Я мило улыбнулся, перехватил ее руку и вновь повел вдоль улицы.
— А мне рассказывали, после первого убийства всегда хандрят. Катарина знала людей, которым потребовалось четыре дня запоя. Мишель и подавно ужастики расписывала. И разговор как раз о мужчинах.
— А у тебя уже который день? — ее глаза вновь сузились. — Третий? Почти четвертый. Вот и заканчивай, Ванюша! — вновь взяла она высокую ноту. — Хочешь, поехали к тебе, там мама, наверное, ждет — пообщаешься, успокоишься? Девчонки говорят, она мировая! Она тебе мозги вправит!
Я отрицательно покачал головой.
— Кто же так говорит?
— Не знаю. Девчонки. Кто-то с нею общался. Хочешь, поеду с тобой? В качестве поддержки? Посидим, поговорим, обмозгуем? А уже утром отправимся на базу — все равно раньше девяти там никому не нужны?
Я отрицательно покачал головой.
— Ты все утрируешь. Упрощаешь. Понимаешь, Жанн, все не так просто. И тот моральный урод тут не при чем. Да, это стресс, но само его убийство совсем не такой стресс, как его антураж, который остался для вас за кадром.
— Жанн, скажи, почему Перес поехала убивать мою мать? — перешел я в наступление, чувствуя поднимающуюся волну злости. — Ведь с точки зрения логики, если я — часть корпуса, значит, моя мать неприкосновенна? Что бы между нами ни произошло? Так? Не будем брать во внимание всеобщее мнение, что я принц, возьмем хотя бы тезис, что я — просто часть корпуса. Что получается?
Жанка молчала.
— А получается то, моя дорогая, — продолжил я, — что они не считали меня частью корпуса.

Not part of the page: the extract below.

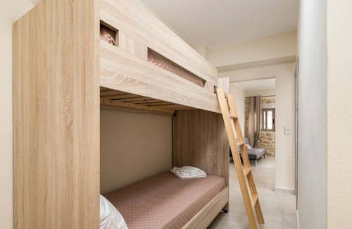 It can accommodate up to 5 guests, as it has 2 bedrooms and an extra sofa bed for the 5th person. The first bedroom has a double bed, dressing table, wardrobe and has a window overlooking the sea. The second bedroom has a bunk bed and a wardrobe.
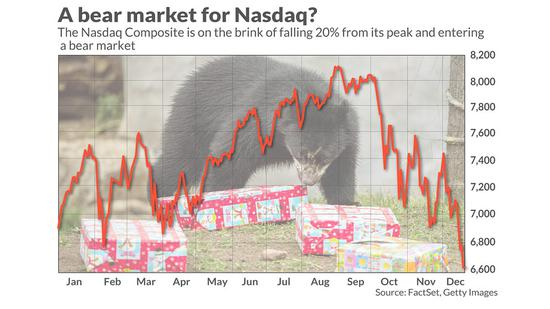 新浪美股讯 北京时间12月21日,忘掉圣诞老人的反弹吧,股市正在抵御近期记忆中最糟糕的12月,而现在纳指正处于熊市的边缘。从某种程度上来说,这可能是历史上持续时间最长的美股牛市结束的非正式开始。

Повторяю медленно, чтоб поняла. Они. Не. Считали. Меня. Частью. Корпуса. Личная вражда тут совершенно не при чем. И только поэтому поехали убивать мою мать. — Теперь я бросил Жанку и оттолкнул в сторону.
— Mierda, ты что, не врубаешься? Для вас есть только вы, части вашего сраного корпуса, и все остальные! Причем остальные — грязь! Мусор! Дерьмо! С остальными не считаются! С ними можно делать все, что угодно, даже убить, и за это ничего не будет! Потому, что они — ЧУЖИЕ! Это ты понимаешь? Перес ехала к моей матери не потому, что жаждала отомстить мне! Она ехала наказать выскочку из «дерьма», указав свое место! Ей вдолбили в голову, что все, кто «за воротами» именно такие, и собиралась сделать единственно верное — наказать это «дерьмо»! Ей даже в голову не могло прийти, что нельзя убивать человека только потому, что это — человек! Людей нет, их не существует!

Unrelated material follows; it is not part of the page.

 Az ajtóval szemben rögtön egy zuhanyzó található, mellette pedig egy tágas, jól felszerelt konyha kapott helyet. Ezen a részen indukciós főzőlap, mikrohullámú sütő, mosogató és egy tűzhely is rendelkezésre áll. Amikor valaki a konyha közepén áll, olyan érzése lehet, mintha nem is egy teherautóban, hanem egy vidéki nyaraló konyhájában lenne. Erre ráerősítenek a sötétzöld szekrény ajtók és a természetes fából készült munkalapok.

Я распалялся и распалялся, теряя контроль. Неистовство охватывало с головы до ног, пальцы мелко подрагивали, но каким-то чудом удавалось не сорваться.

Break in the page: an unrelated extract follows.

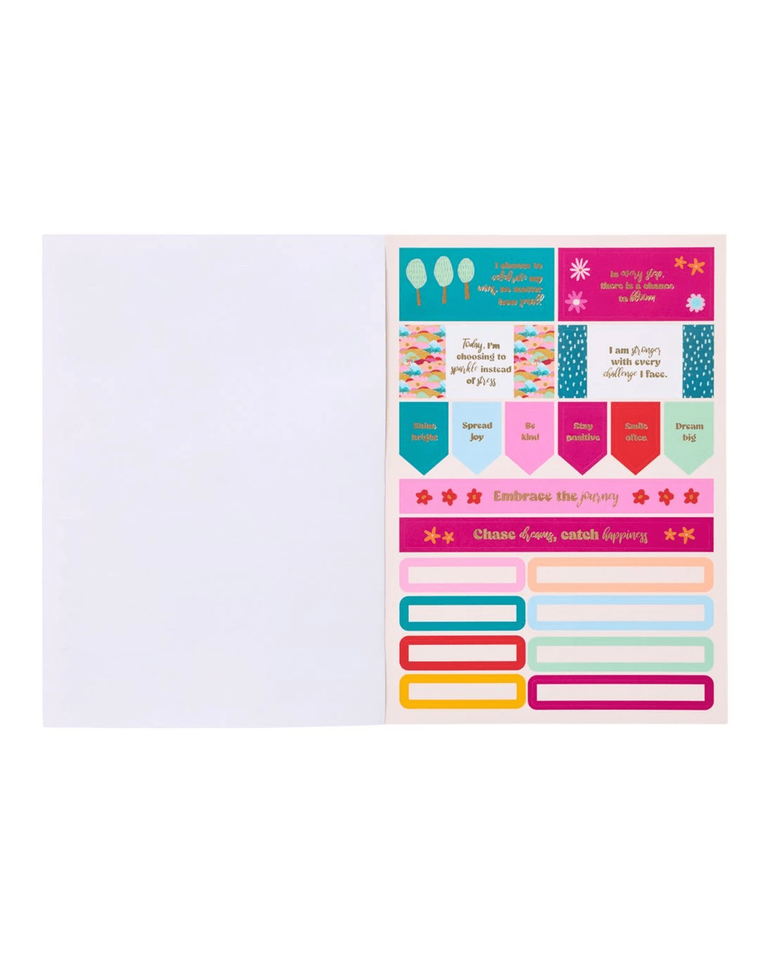 - It comes with a variety of stickers including inspirational quotes, reminders to help you plan your day and icons from Rach's artwork.

— Да, я вынужден был защищать этих сук, — продолжил я, сделав титаническое усилие, чуть придя в себя. — Вынужден был ломать на Плацу комедию, чтобы их не расстреляли. Но ирония в том, моя дорогая, что на их месте могла оказаться любая из вас. Просто с ними мы поцапались, а с другими — нет, и вся разница. Эти шмары ничем не отличаются от тебя, твоего взвода, моего взвода, вашей диаспоры, да и всех остальных ангелочков. Просто с тобой и с другими мы дружим, нашли общий язык, остальные меня приняли, а «сорок четвертые» — нет!
— А если бы не приняла ты, mia cara, что было бы? А было бы то, что ты точно так же, или как-то иначе, слила бы меня в вашем корпусном сортире! Мне просто повезло найти с вами общий язык, найти ключики, понимаешь? Но это — индивидуальное!
А вот его! — я принялся тыкать пальцами в стороны, в идущих в отдалении немногочисленных прохожих. — Или его! Или ее! Всех их вы кончите, не задумываясь! Потому, что они — никто! И даже не подумаете, что в чем-то не правы!
Это лицемерие, Жанна! Ваше долбанное ангельское высокомерие, презрение к окружающим! Я ненавижу того урода, которого грохнул, но вас ненавижу больше, гораздо больше! Ибо он хотя бы был честным подонком, в отличии от вас!
Я развернулся и почти побежал по улице. Но, посчитав разговор неоконченным, нехотя вернулся.
— Я ненавижу вас, понимаешь? И даже то убийство, к которому меня «не готовили»… Его убили не потому, что подонок, а потому, что так было нужно ВАМ, корпусу. Нужно было кого-то убить, чтобы не поднялась шумиха. Вам плевать на его личность, плевать, что подонок, равно как плевать, что человек. Вам не важна его вина перед обществом. Это просто удобный кандидат с точки зрения заметания следов, чтоб не съела общественность.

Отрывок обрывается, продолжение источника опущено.